TO DO ▸ Please write out every line of the material, leaving out any picture.

═════ EXERCISE DATA

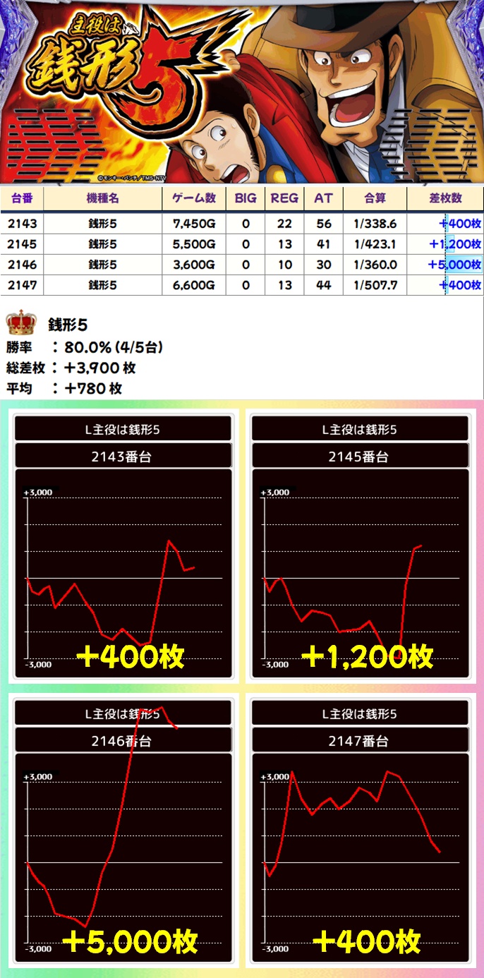 主役は銭形5(4/5台+)➡平均+780枚
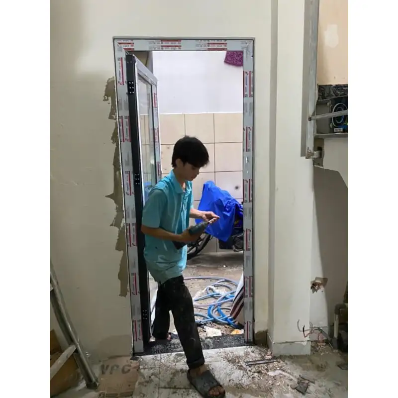 Hình ảnh lắp đặt cửa nhôm Xingfa cho công trình quận 3 – Kèm khóa vân tay
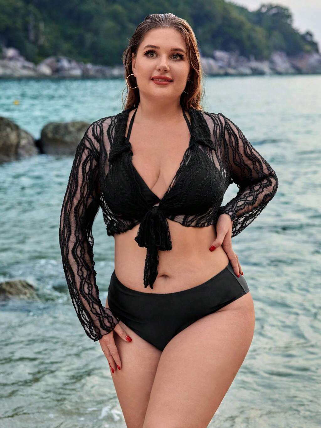 Plus Size Solid Color Halter Bikini With Drawstring Summer
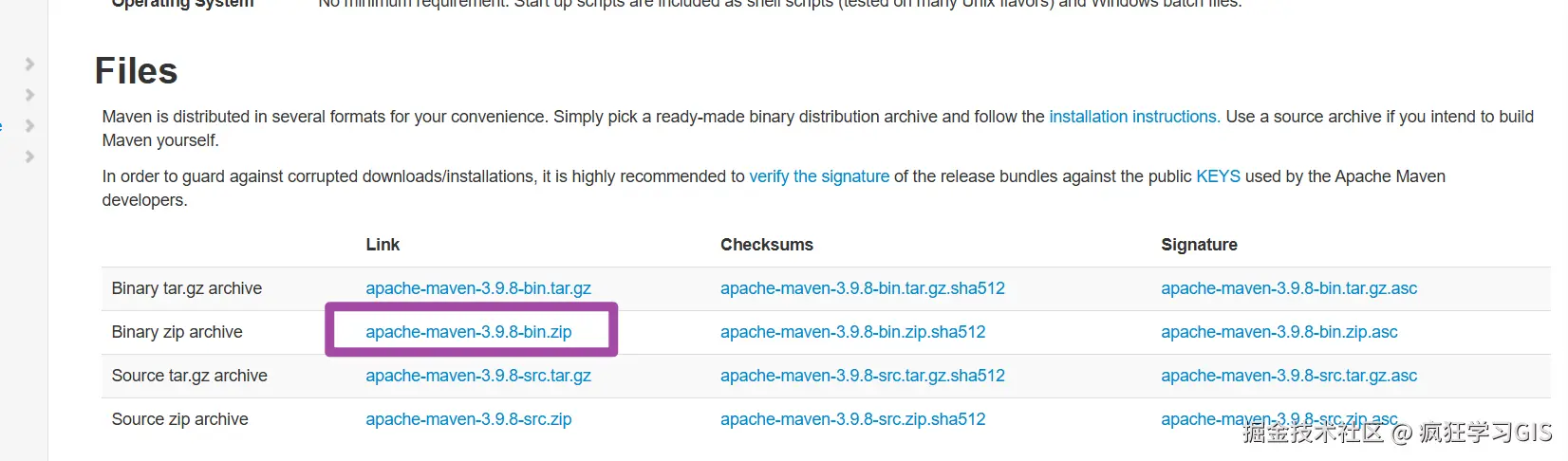 首先,我们进入Maven的官方下载网站,并按照自己电脑的实际情况下载对应的文件。如果是需要给Windows电脑安装,就选择如下图所示的文件即可。

══════════

EXPECTED ANSWER ▸
 主役は銭形5(4/5台+)➡平均+780枚
 Hình ảnh lắp đặt cửa nhôm Xingfa cho công trình quận 3 – Kèm khóa vân tay
 Plus Size Solid Color Halter Bikini With Drawstring Summer
 首先,我们进入Maven的官方下载网站,并按照自己电脑的实际情况下载对应的文件。如果是需要给Windows电脑安装,就选择如下图所示的文件即可。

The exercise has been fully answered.